In this study we evaluated the effects of the CB1/CB2 cannabinoid receptor agonist CP55, 940 (CP) on antigen-induced asthma-like reaction in sensitized guinea pigs and we tested the ability of the specific CB2 receptor antagonist SR144528 (SR) and CB1 receptor antagonist AM251 (AM) to interfere with the effects of CP. Ovalbumin-sensitized guinea pigs placed in a respiratory chamber were challenged with the antigen given by aerosol. CP (0.4 mg/kg b.wt.) was given i.p. 3 hrs before ovalbumin challenge. Sixty minutes before CP administration, some animals were treated i.p. with either AM, or SR, or both (0.1 mg/kg b.wt.). Respiratory parameters were recorded and quantified. Lung tissue specimens were then taken for histopathological and morphometric analyses and for eosinophilic major basic protein immunohistochemistry. Moreover, myeloperoxidase activity, 8-hydroxy-2-deoxyguanosine, cyclic adenosine monophosphate (cAMP) and guanosine monophosphate (cGMP) levels, and CB1 and CB2 receptor protein expression by Western blotting were evaluated in lung tissue extracts. In the bronchoalveolar lavage fluid, the levels of prostaglandin D2 and tumour necrosis factor-alpha TNF-alpha were measured. Ovalbumin challenge caused marked abnormalities in the respiratory, morphological and biochemical parameters assayed. Treatment with CP significantly reduced these abnormalities. Pre-treatment with SR, AM or both reverted the protective effects of CP, indicating that both CB1 and CB2 receptors are involved in lung protection. The noted treatments did not change the expression of cannabinoid receptor proteins, as shown by Western blotting. These findings suggest that targeting cannabinoid receptors could be a novel preventative therapeutic strategy in asthmatic patients. 

The role of cannabinoids in inflammatory modulation of allergic respiratory disorders, inflammatory pain and ischemic stroke.

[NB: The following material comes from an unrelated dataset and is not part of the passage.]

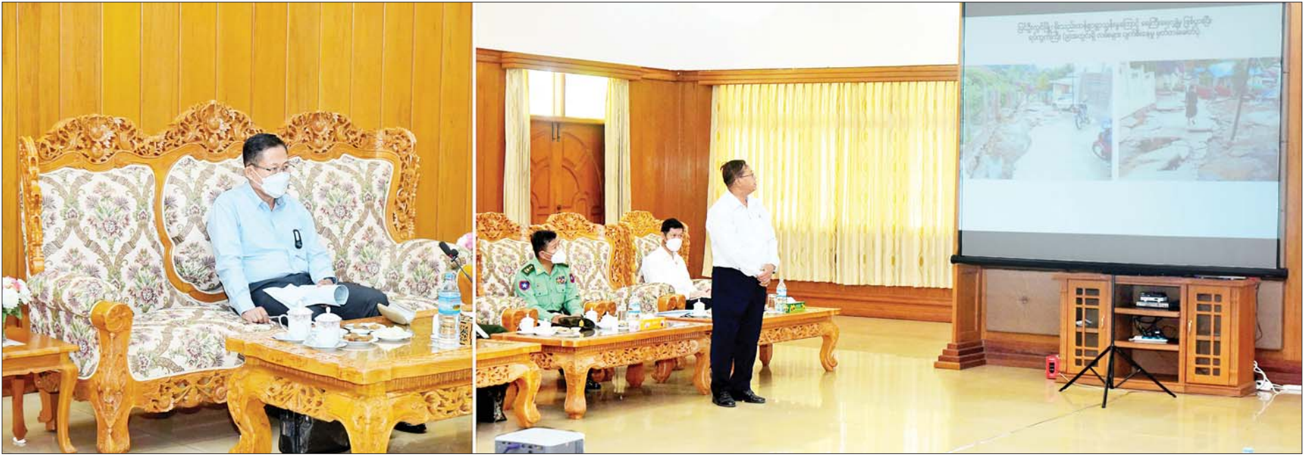
နိုင်ငံတော်စီမံအုပ်ချုပ်ရေးကောင်စီဒုတိယဥက္ကဋ္ဌ အမျိုးသားသဘာဝဘေးအန္တရာယ်ဆိုင်ရာစီမံခန့်ခွဲမှုကော်မတီဥက္ကဋ္ဌ ဒုတိယတပ်မတော်ကာကွယ်ရေးဦးစီးချုပ် ကာကွယ်ရေးဦးစီးချုပ်(ကြည်း) ဒုတိယဗိုလ်ချုပ်မှူးကြီးစိုးဝင်းအား တပ်နယ်ခန်းမ၌ တာဝန်ရှိသူတစ်ဦးက ရှင်းလင်းတင်ပြစဉ်။

နိုင်ငံတော်စီမံအုပ်ချုပ်ရေးကောင်စီ ဒုတိယဥက္ကဋ္ဌ အမျိုးသား သဘာဝဘေးအန္တရာယ်ဆိုင်ရာ စီမံခန့်ခွဲမှုကော်မတီဥက္ကဋ္ဌ ဒုတိယတပ်မတော်ကာကွယ်ရေးဦးစီးချုပ် ကာကွယ်ရေးဦးစီးချုပ်(ကြည်း) ဒုတိယဗိုလ်ချုပ်မှူးကြီးစိုးဝင်း မြို့ပေါ်ရပ်ကွက်များတွင် ရှင်းလင်းရေးဆောင်ရွက်နေမှုများကို ကြည့်ရှုစဉ်။

Department of Preclinical and Clinical Pharmacology, University of Florence, Viale G. Pieraccini 6, I- 50139 Florence, Italy.

Abstract

This review is intended to offer updated information on the involvement of cannabinoids in the process of inflammation, focusing on immune/allergic reactions, inflammatory pain and neuroinflammation and discussing the interactions among endocannabinoid metabolism, prostanoids and nitric oxide. Two types of cannabinoid receptors, CB1 and CB2, which belong to the G protein-coupled receptor family, have been identified and are targeted by numerous exogenous and endogenous ligands. The activation of CB2 receptors on mast cells has direct antiinflammatory effects, causing decreased release of pro-inflammatory mediators by these cells. The activation of CB1 receptors on bronchial nerve endings has bronchodilator effects by acting on the airway smooth muscle and may be beneficial in airway hyperreactivity and asthma. Moreover, pharmacologic interference with endocannabinoid metabolism has been demonstrated to result in anti-nociceptive activity, mediated by CB1 and CB2 receptors, in animal models of inflammatory pain. The presence of endocannabinoid machinery in the central nervous system, together with high levels of CB1 expression, suggests that the endocannabinoid system is an important modulator of neuroinflammation and a possible drug target. In selected conditions, the activation of CB1 receptors in cerebral blood vessels can have beneficial antiischemic effects. However, as endocannabinoids can also bind to vanilloid receptors, they may also mediate neurotoxic effects.